Feb 23, 2007
Rescuing data from obscurity
All over the world, data gathered by environmental researchers is gathering dust on 8 inch computer tapes, on 5 inch floppies and in decaying notebooks forgotten at the back of never-again-to-be-opened cabinets. These data, most often paid for by taxpayers, didn't necessarily make it into the publication, was perhaps thought uninteresting or was simply left behind when the investigator moved to a better-paid job in finance.
In my experience there are vast treasure stores of data sitting around laboratories that haven't ever been collated because it just didn't seem important, or it was something that one might eventually "get round to doing".
Environmental research today is complex and deals with a vast number of intertwined problems. It's so intertwined that data collected for one purpose may end up playing a key role in some quite unrelated field. Add to that the need for global data sets to compare with global models or remote-sensing information and it's clear that rescuing these individual pieces of information is more important than ever.
As an example, over the last few years some colleagues and I created a global database of seawater oxygen isotope ratios (i.e. the ratio of 18O to 16O in the water molecules). These are used as indicators of water masses and freshwater sources but also influence paleoclimate records derived from carbonates found in ocean sediments. I became interested in this data because as part of my research in palaeoclimate modelling I had included water isotopes in an ocean model and wanted to be able to compare my modelling with observations.
I was aware that some large-scale observational campaigns had included this tracer (notably GEOSECS in the 1980s), and I simply assumed that someone would subsequently have made a gridded data set. I was, however, mistaken. So I began collating observations from the literature in my spare time. I quickly found that the scope of the observational record was much larger than I'd realized – there are more than 100 references – and that other researchers were working along similar lines. We also found that we were collating a great deal of "grey" data – that is, data that might have been associated with a project or publication but that had been recorded separately or was simply unpublished.
Quality control was, of course, vital. We quickly became aware of significant inconsistencies in much of the data. What was nominally the same data from the same investigator would have different transcription errors (typos, missing numbers, sign errors, etc) depending on who we'd got it from. Separate measurements of the same deep water mass, which should be relatively stable, would be wildly out – by much more than the analytical error. Many of these problems were fixed by tracking down the original source, or getting an up-to-date calibration from the laboratory involved, but some remain a mystery.
Nonetheless, the database grew substantially and, as geographical regions were filled in, anomalous data stood out more clearly and could be flagged more easily. Eventually we ended up with a comprehensive data set that is becoming widely used. It has served to highlight many hard-to-find papers and data sets of wider relevance that would previously have been ignored.
Despite this success, there are still substantial amounts of data, both published and unpublished, that are not included in the database. It is worth exploring why that is the case in order to suggest ways in which it can be overcome.

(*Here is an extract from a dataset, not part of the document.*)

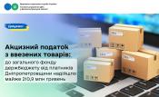 Протягом січня – вересня цього року платники Дніпропетровщини з ввезених товарів сплатили до загального фонду державного бюджету майже 210,9 млн грн акцизного податку. Як підкреслила начальник Головного управління ДПС у Дніпропетровській області Теодозія Чернецька, надходження виросли на понад 37,3 млн грн, темп росту – 121,5 відсотки.
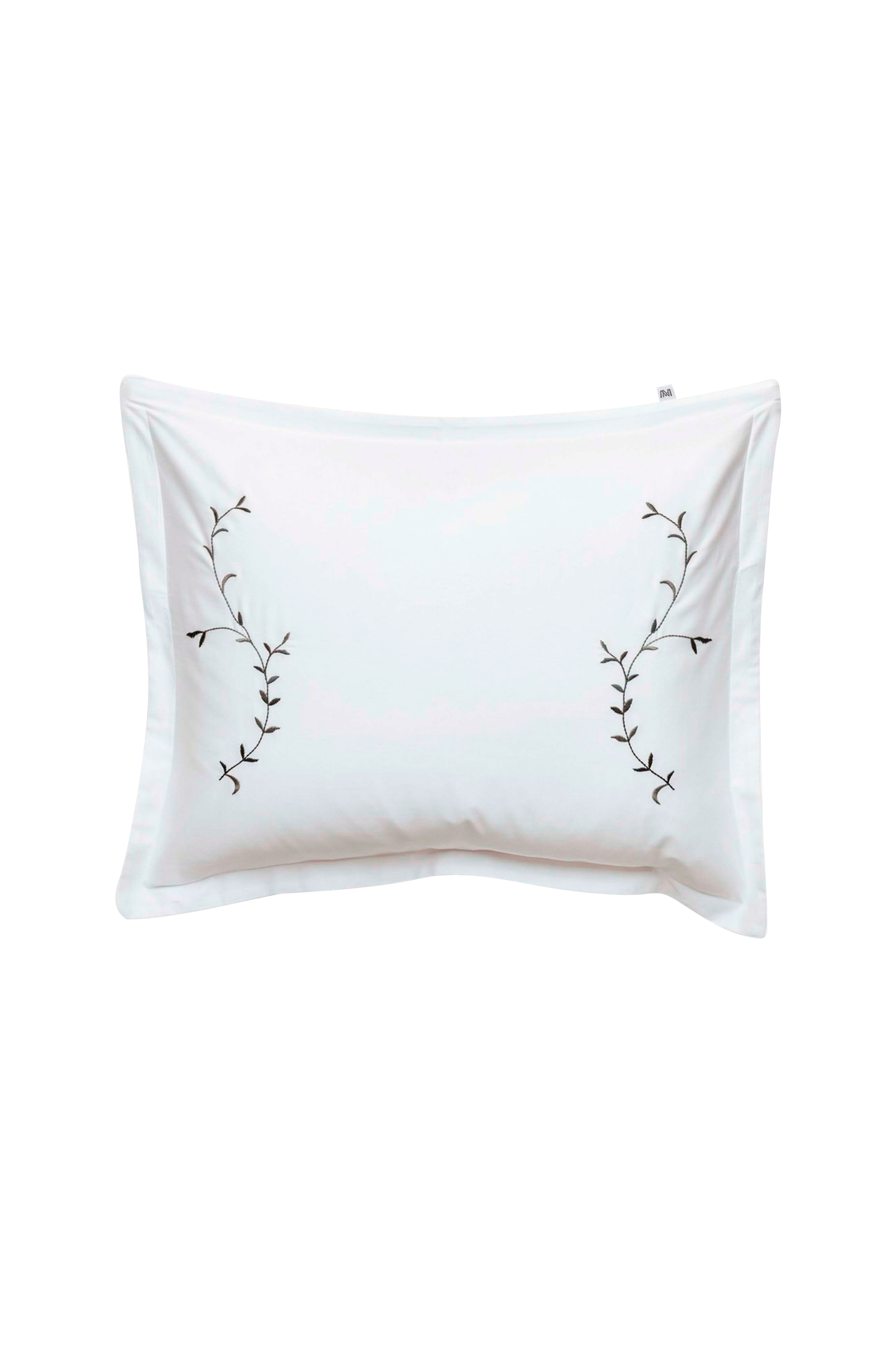Örngott tillverkat av mjuk och len, finkammad bomullssatin. Trådantal: 340 tc. Designad med dekorativt broderi av olivgrenar i olika gröna nyanser och en 3 cm bred vinge. Stängning med överlappning. Tillverkad i Portugal. Standard 100 av oeko-tex®.

The most important problem is the natural tendency for investigators to want to retain ownership of data and to be part of any analysis. To be clear, I'm not speaking about data sets that have just been gathered and that researchers haven't yet worked on – it is obviously correct that the data gatherers need to have a reasonable time window within which to assimilate their data – but rather I'm referring to the older work that is no longer at the forefront of their research.
This relates to the need of the original investigators to see themselves as researchers rather than "mere" operational data gatherers. While understandable, this shift is part of an inevitable transition as a scientific field matures. The first few measurements of a quantity are important science, the next few provide vital evaluation, but after a few tens of thousands, the important questions often relate to spatial and temporal variability and are difficult for a single researcher in isolation to address.

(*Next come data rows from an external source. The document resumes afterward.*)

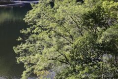 湖面を見れば、透き通るような淡い新緑が湖面を覆う。対岸の山は新緑と針葉樹の濃淡くっきり。ときおり風が止めば、湖面が鏡面となり新緑を映し出す。新緑の僅かな期間だけ見れる美しい景色。どうせ来るなら新緑の美しい時期に訪れたい。
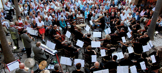 Torsdag 14. oktober fikk vi besøk av Drammen Symfoniorkester og Royal Garden Jazzband. Det ble en uforglemmelig festaften, og skandinaver på kysten kjente øyensynlig sin besøkelsestid, for aldri har det vært så mange besøkende på en konsert på El Campanario, ca. 320 betalende i alt. Vaffel og kaffe var inkludert i billettprisen, og køen foran vaffel- og kaffedisken var lang.
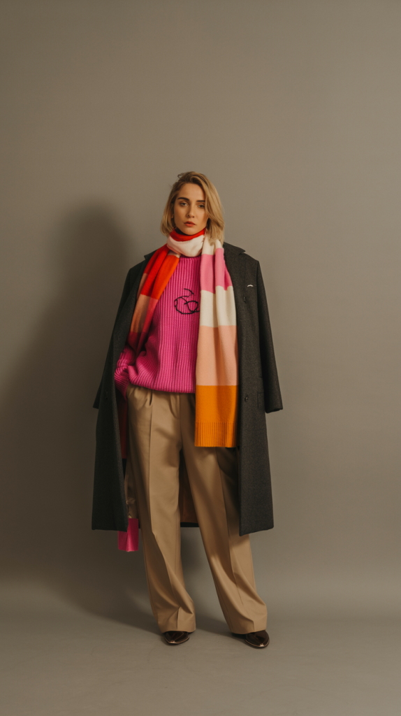 Outfit 5: Curious Color Combinations. Break up the typical winter neutrals by experimenting with unexpected color pairings. Try a bold color-blocked outfit, such as bright knitwear with a contrasting scarf, worn over Wool Trousers and under a Structured Coat [3].

An ancillary concern is the worry that the researcher will not be be properly credited. It does take time and effort to collate data and ensure that metadata are appropriate, for which, sadly, there is little recognition. A number of ideas have been proposed. For instance, a data centre could issue a digital object identifier for each data set so that it could then be referenced directly in articles and reports. No solution is yet available, however.
The second significant problem is simply the time factor. If data are not archived in a usable format with appropriate metadata at the time of publication or when the analyses are done, it can be a significant chore to do it a year or more later. There is therefore a paradoxical situation where the more data there are, the less likely it is that they will be submitted to an archive. This is where more institutionalized help may be useful. For instance, research centres and funding agencies could specifically fund short-term data-rescue efforts.
Going out to collect new data is expensive and duplicating previous efforts is rarely worthwhile scientifically. Getting a new decade-long time series will take, well, a decade. Despite the problems mentioned above, data rescue is cheap and effective and does not involve foreign travel – something that should commend itself to programme managers, if not the investigators themselves.
About the author
Gavin Schmidt is a climate researcher at the NASA Goddard Institute for Space Studies and a regular contributor to RealClimate. He would be very appreciative of any more data on seawater δ18O that anyone has lying around.